I am using a spring boot java project where I have mentioned one consumer group and just created one consumer instance. This will mean that if I poll data from this consumer it should by default read all the partitions and return data from all the partitions(entire topic data). Say I have 10 Kafka messages in my topic but whenever I use consumer.poll I get different number of records returned, sometimes I get 4, sometimes 6 and sometimes all 10.
Consumer<String, String> consumer = consumerFactory.createConsumer():
consumer.subscribe(Collections.singletonList(topic));
consumer.poll(duration.OfSeconds(1));
Set<TopicPartition> partitions = consumer.assignment();
consumer.seekToBeginning(partitions);
ConsumerRecords<String,String> records = consumer.poll(Duration.ofSeconds(10));
here each time different number of records are retrieved. How can we ensure that always all the 10 messages are read each time this functionality to read from topic is called. As I had only one consumer instance it should have given me data from all partitions, but on different runs of the application different subsets of messages are returned.

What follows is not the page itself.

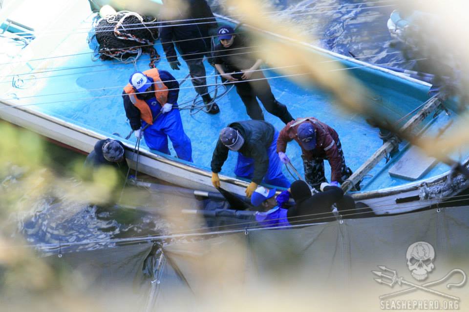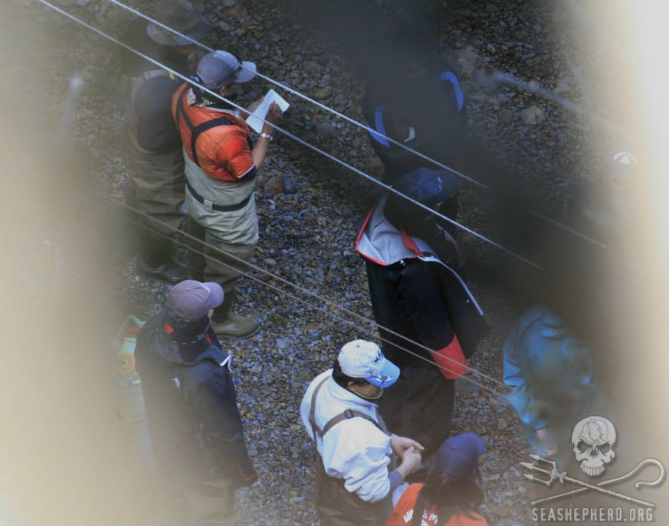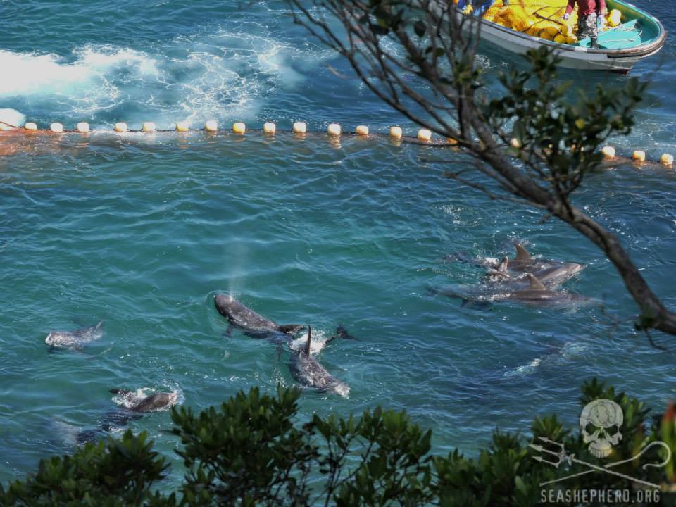 Erschreckende und beschämende Zeichen der Gier und Selbstsucht zeigten heute Morgen die Delfinmörder in Taiji-Japan während der wilden Jagt der Delfin Gefangennahme. Bezeugt und dokumentiert durch das Boden-Personal-Team der erfahrenen Freiwilligen Sea Shepherd Cove Guardians.
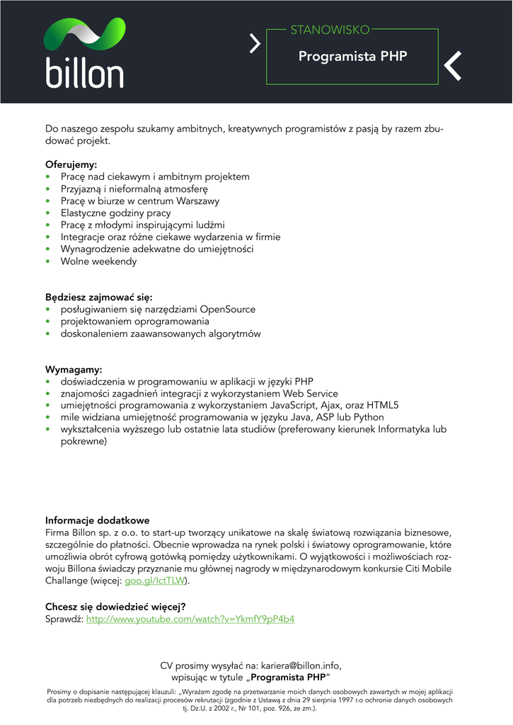 STANOWISKO Programista PHP Do naszego zespołu szukamy ambitnych, kreatywnych programistów z pasją by razem zbudować projekt. Oferujemy: • Pracę nad ciekawym i ambitnym projektem • Przyjazną i nieformalną atmosferę • Pracę w biurze w centrum Warszawy • Elastyczne godziny pracy • Pracę z młodymi inspirującymi ludźmi • Integracje oraz różne ciekawe wydarzenia w firmie • Wynagrodzenie adekwatne do umiejętności • Wolne weekendy Będziesz zajmować się: • posługiwaniem się narzędziami OpenSource • projektowaniem oprogramowania • doskonaleniem zaawansowanych algorytmów Wymagamy: • doświadczenia w programowaniu w aplikacji w języki PHP • znajomości zagadnień integracji z wykorzystaniem Web Service • umiejętności programowania z wykorzystaniem JavaScript, Ajax, oraz HTML5 • mile widziana umiejętność programowania w języku Java, ASP lub Python • wykształcenia wyższego lub ostatnie lata studiów (preferowany kierunek Informatyka lub pokrewne) Informacje dodatkowe Firma Billon sp. z o.o. to start-up tworzący unikatowe na skalę światową rozwiązania biznesowe, szczególnie do płatności. Obecnie wprowadza na rynek polski i światowy oprogramowanie, które umożliwia obrót cyfrową gotówką pomiędzy użytkownikami. O wyjątkowości i możliwościach rozwoju Billona świadczy przyznanie mu głównej nagrody w międzynarodowym konkursie Citi Mobile Challange (więcej: goo.gl/IctTLW). Chcesz się dowiedzieć więcej? Sprawdź: http://www.youtube.com/watch?v=YkmfY9pP4b4 CV prosimy wysyłać na: [email protected], wpisując w tytule „Programista PHP” Prosimy o dopisanie następującej klauzuli: „Wyrażam zgodę na przetwarzanie moich danych osobowych zawartych w mojej aplikacji dla potrzeb niezbędnych do realizacji procesów rekrutacji (zgodnie z Ustawą z dnia 29 sierpnia 1997 r.o ochronie danych osobowych tj. Dz.U. z 2002 r., Nr 101, poz. 926, ze zm.).

I also set AUTO_OFFSET_RESET_CONFIG to earliest and enable-auto-commit=false so that I can read all these 10 messages again and again as my functionality is always a full load of data.

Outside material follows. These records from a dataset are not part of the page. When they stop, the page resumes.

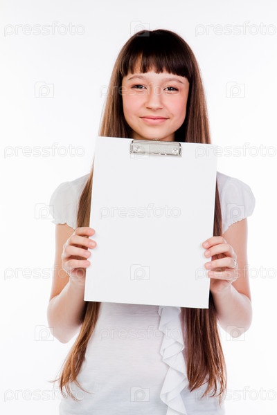 Красивая девочка с белой планшетной доской
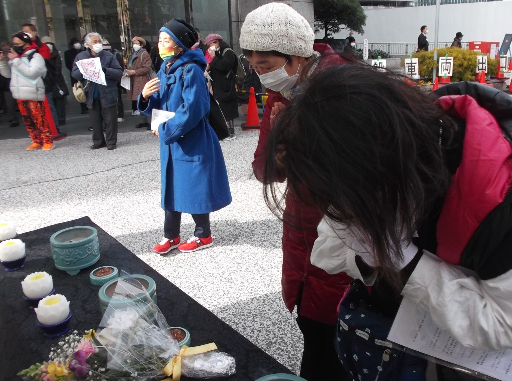 阪神淡路で犠牲になった6434人と、11年をむかえる東日本大震災の犠牲者への追悼。被災者の暮らしを元に戻すよりも「高層ビルの街づくり」という復興策とその後も借り上げ住宅からの追い出しなへの抗議。住まいをなくした多くの人たちが学校の廊下や公園のテントに暮らしているとき、「個人資産の保障はできない」と突き放した政府の言葉は忘れることができない。
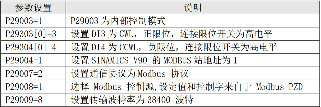 按照下表设置伺服驱动器的相关参数:
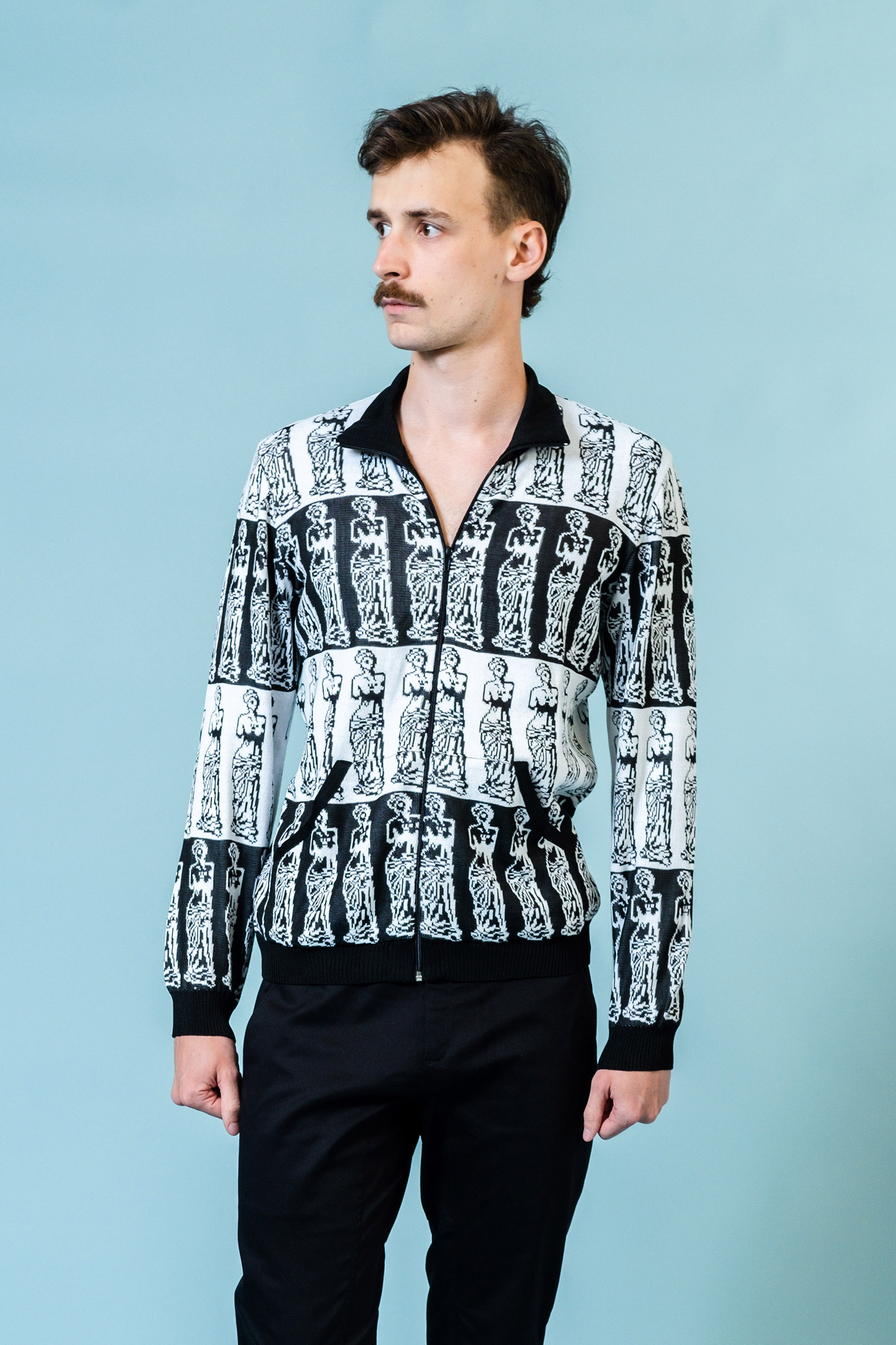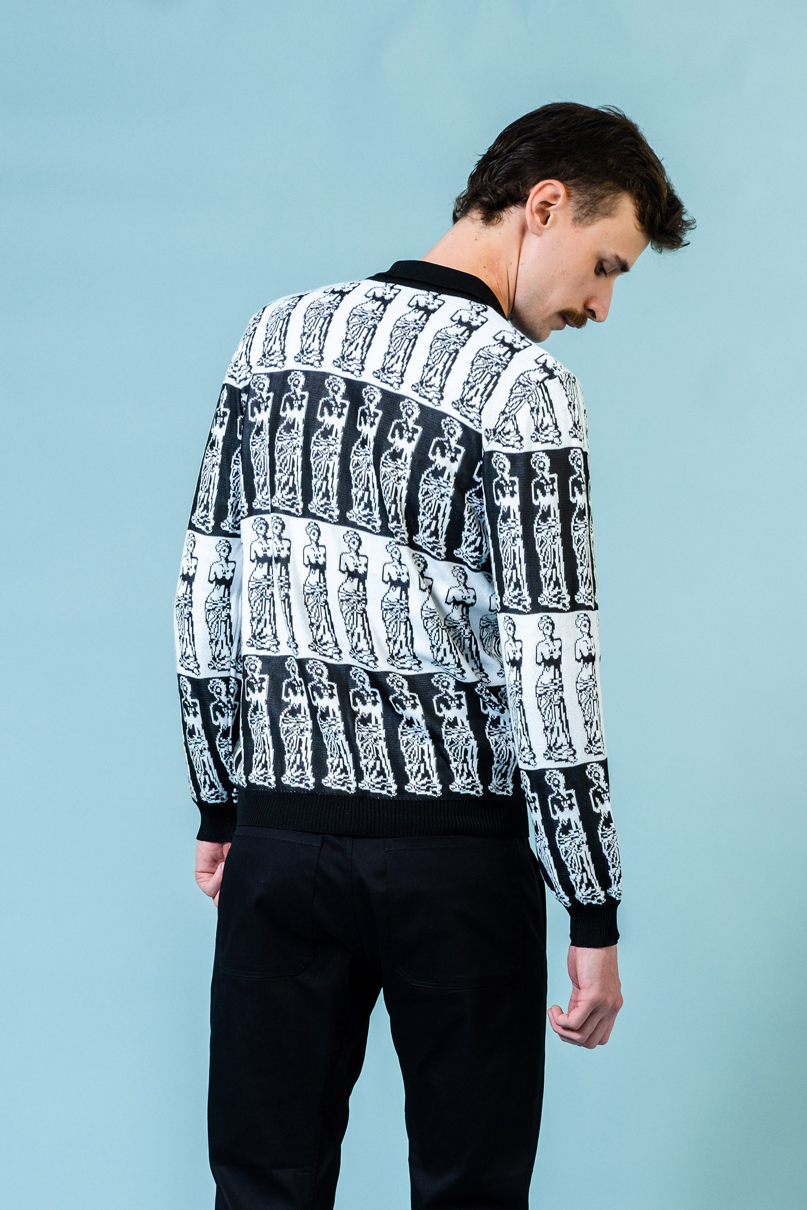 Veste en maille au motif aphrodite de milos, col montant et poches passepoilé. Il est doté d’une fermeture éclaire à l’avant.

How can I solve this issue where I do not get different subsets of messages when consumed but get whole data each time. Please correct me if any understanding is wrong.
Execution observed:
The first poll is to ensure consumer is subscribed and assignment is complete else we get partitions count as 0. I found out my topic 2 partition-0 has 4 records and partition-2 has 6 records. My task is to get all 10 records returned (all data from start of all partitions) so I also did seekToBeginning(partitions). and sometimes I get the last line of code the poll return 10 records and sometimes it gives either 6 or 4. Also the initial poll is giving 0 records sometimes and after that we get either 6 or 4 in the second poll. Is there some code that will always read entire data as 10 always?